PQ.units is a CS type – a “simple code”, though simple is not the right word for UCUM codes, which are sophisticated and clever beasts. Some typical examples of UCUM units:

  • mg/mL
  • U/L
  • mmol/l

All these units – and all the others in UCUM – are derived from unambiguous measures of physical reality. There is no units that have any ambiguity about them, and therefore UCUM doesn’t have anything like “tablet”. What UCUM does have is a unit “1”, which means countable entities. So 3 “1”s of something is a count of 3. The PQ data type has a default unit of “1”. So

  <value xsi:type="PQ" value="3"/>

means that there is 3 individual countable units of whatever value is a measure of. The code defines that. This requires a mind shift about how the measure is conceived. Instead of 3 tablets of acetominaphen(value = 3, units = tablets, thing = acetominaphen),  it’s 3 units of acetominaphen tablets (value = 3, units = 1, thing = acetominaphen tablet).
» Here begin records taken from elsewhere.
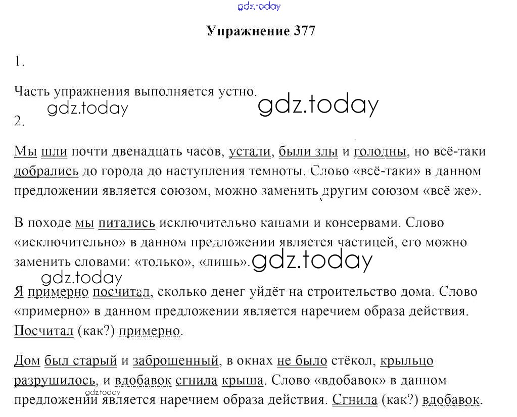 На страницах сайта gdz.today вы найдете учебный и вспомогательный материал, направленный на улучшения знаний школьной программы. ГДЗ - онлайн мир знаний Решение к заданиям 377 Учебнику по Русскому языку для 8 класса Мурина, Игнатович Национальный институт образования 2018
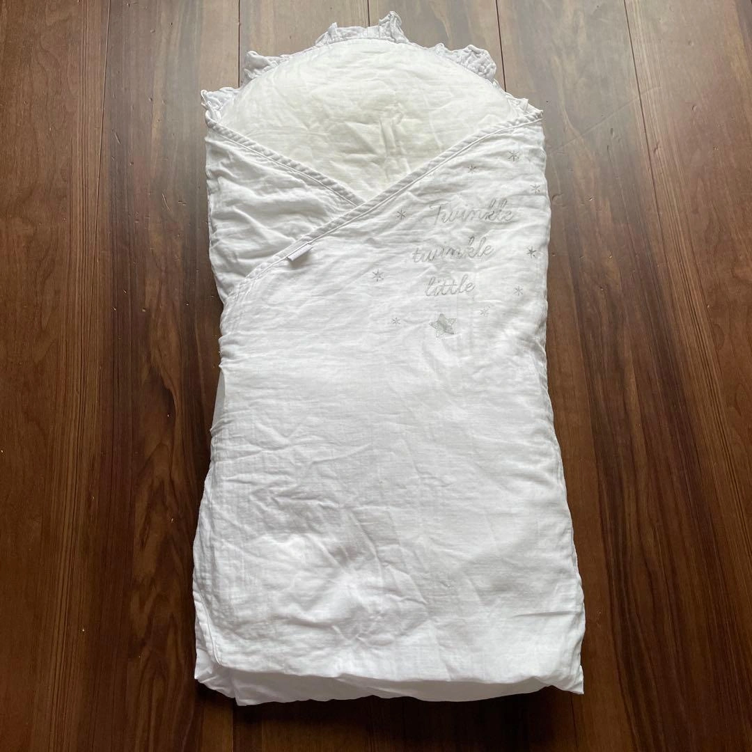 10mois(ディモワ)のたまごマットおくるみです。 抱っこもしやすく、写真映えもします! 薄手のダブルガーゼ素材なので年中使えます。 マジックテープの付着具合は良好です。 丁寧に検品しておりますが、その他見落としがありましたらご容赦ください。 洗い替えに手作りしたおくるみも一緒にお譲りします。たまごマットが入るような形にしてあります。 たまごマットを入れなくても、膝掛けやマットのように敷いても使えるかと思います。素材はしっかり目のコットンガーゼ生地です。 ホームクリーニング済みです。 使用品の為、ご理解お願いいたします。 小さく折り畳み圧縮いたしますので、あらかじめご了承ください。 定価 : 6930円(税込) ディモワ たまごマットおくるみ CLOUDクラウド ご希望の方はお気軽にご連絡ください。
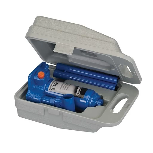 Compacte, krachtige hydraulische potkrik met een schroef-verstelbaar krikzadel en draagkoffer.

This applies whether we are talking of a known specified does such as

  <substanceAdminstration>
    <code code="23628011000036109"
       codeSystem="1.2.36.1.2001.1004.100"
       displayName="paracetamol 500 mg tablet"/>
    <doseQuantity value="3"/>
  </substanceAdminstration>

or whether the dosage is specified as a range:

  <substanceAdminstration>
    <code code="23628011000036109"
       codeSystem="1.2.36.1.2001.1004.100"
       displayName="paracetamol 500 mg tablet"/>
    <doseQuantity xsi:type="URG_PQ">
      <low value="1"/>
      <high value="3"/>
    </doseQuantity>
  </substanceAdminstration>

In either case, the fact that we are talking about tablets comes from the code, not the doseQuantity. In my examples, I have used a code taken from AMT (The Australian Medicines Terminology). In other contexts, you’d have to use a different coding system that includes the dosage form as part of the code. I don’t know off the top of my head whether the major coding systems such as RxNorm have the dose form included. if they don’t, you could do this:

  <substanceAdminstration>
    <code code="acetominaphen"
       codeSystem="[my substances oid]"
       displayName="acetominaphen">
     <qualifier>
      <name code="form"
        codeSystem="[my expression syntax OID]"
        displayName="form of substance"/>
      <value code="tablet"
        codeSystem="[my forms OID]"
        displayname="given as a tablet"/>
     <qualifier>
    </code>
  </substanceAdminstration>

This CDA sample is still incomplete – where’s the 500mg? btw, in ISO 21090, we removed the qualifier syntax – it causes way more problems than it solves, and you’d have to  do:

  <substanceAdminstration>
    <code code="acetominaphen:form=tablet"
       codeSystem="[my adminstration expression oid]"
         displayName="acetominaphen as a tablet"/>
  </substanceAdminstration>

Substance Administration is a complex thing. Somehow pushing tablets into the measurement wouldn’t make it easier.


p.s. PQ includes a translation. So you could try for something like this:

  <value xsi:type="PQ" value="3">
   <translation value="3" code="tablets"
     codeSystem="[my custom dose units oid]"/>
  </value>

Don’t do this – it’s not valid, and it doesn’t solve your problem properly.